Frost was considering fences that divide people—physically, politically, intellectually, spiritually. However, another kind of fence has entered our vocabulary, a fence that symbolizes not division but proximity, contained in the expression “fenceline community.” It’s a central concept of the environmental justice movement, describing a residential community immediately adjacent to a commercial or industrial site (or multiple sites) that produces noise, traffic, chemical emissions, toxic waste, light pollution and other environmental impacts that damage residents’ health and quality of life. Those effects also destroy property values, making it impossible for homeowners to relocate out of danger.

Historically, the residents of fenceline communities are disproportionately African-American, Latino and low-income, a fact confirmed by a strong body of research, starting with a 1983 study by the Government Accounting Office. The study found that three out of four hazardous waste landfills in the U.S. were located in communities of color with average incomes below the poverty line. In 1987, the United Church of Christ Committee on Racial Injustice found that 15 million Black Americans and 8 million Latinos lived in counties with at least one abandoned or uncontrolled toxic waste site. According to the 2018 research report Life at the Fenceline: Understanding Cumulative Health Hazards in Environmental Justice Communities, 39 percent or roughly 124 million Americans live within three miles of one of the nearly 12,500 high-risk chemical facilities in the U.S. Further, the vulnerability zones for these industrial and commercial sites—where homes, schools, nursing homes, medical facilities and workplaces are located—can extend up to 25 miles in radius.

In the years since the groundbreaking GAO Report, numerous grassroots community groups, regional networks and legal clinics have sprung up to help affected communities oppose harmful projects and to lobby for legal protections at the state and federal level. Today, the movement also recognizes the pioneering role played by Reverend Martin Luther King Jr. in awakening our awareness of the ways that racial equity, economic and political justice, safe housing and working conditions, and access to health care are all related and encompassed within the concept of civil rights.
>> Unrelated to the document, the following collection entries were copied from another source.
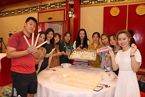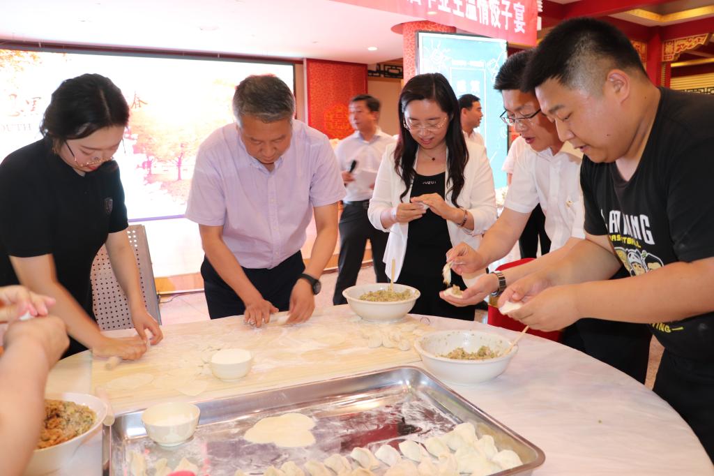宴会开始前,毕业生和各学院老师们围坐在一起,着手饺子宴的准备工作。我校饮食服务中心的师傅手把手教授毕业生们包饺子,毕业生们与老师亲自动手,共同和面、擀皮、包饺子,气氛热烈,热闹喜庆,浓浓的同学情、师生情在这一举一动中洋溢开来。
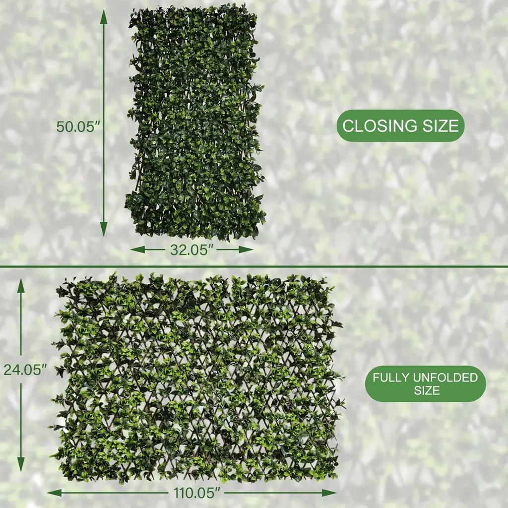 This expandable faux ivy fence privacy screen with realistic faux foliage. Artificial leaves are made from a stabilized polyethylene material, so they are sunlight resistant, waterproof and stay green, perfect for simply using as decoration. Single sided leaf fencing is the ideal solution for blank spaces to be used as decoration, dividers and to maintain privacy. Retractable Artificial Leaf Fence Screen is freely adjustable, you can adjust the lattice fence according to the adjusted size for privacy. The wicker fence expands to the size you need when you need it(24"height x 110"width), and can also be tucked away when you want to save space(50"height x 32"width). It is also the best support for wrapping LED light strings to decorate your holiday wall or yard fence, or hang other small things, everything is up to you to create a better atmosphere for parties, festivals.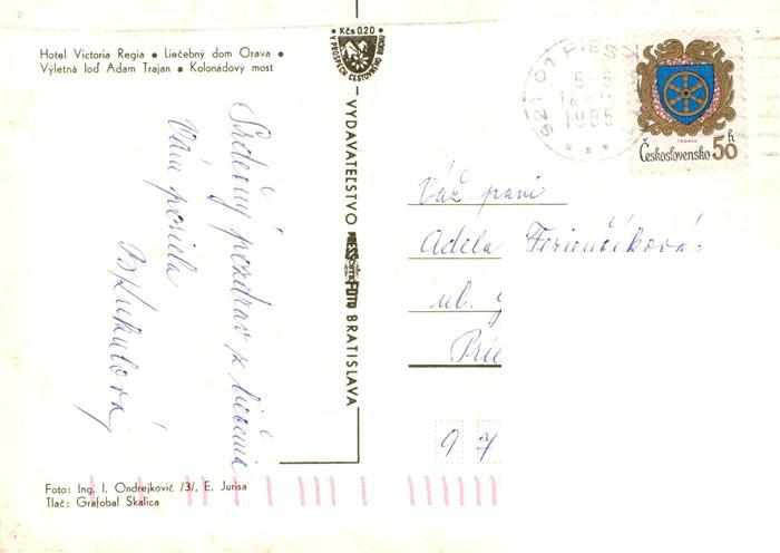old postcard Piestany Pistian Poestyen SK Hotel Victoria Regie Liecebny dom Orava Vyletna lad Adam Trajan Kolonadovy most postalisch gelaufen Erhaltung siehe scans [WerneD78]
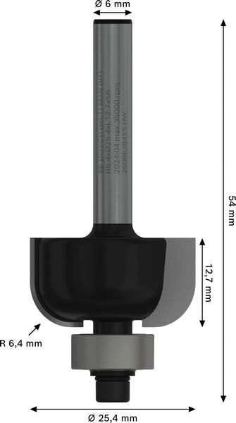 PRO Hohlkehlfräser, R 6,4, Schaft 6 mm

The watershed event in this process of realization is the Memphis Sanitation Strike of 1968. There, Dr. King’s leadership helped connect issues of racial discrimination and unequal pay with recognition of sanitation workers’ extremely hazardous working conditions associated with waste disposal, lack of protective gear and the broader harms to their families and communities. Today, Dr. King’s larger and more visionary conception of civil rights is credited as a catalyst for the environmental justice movement.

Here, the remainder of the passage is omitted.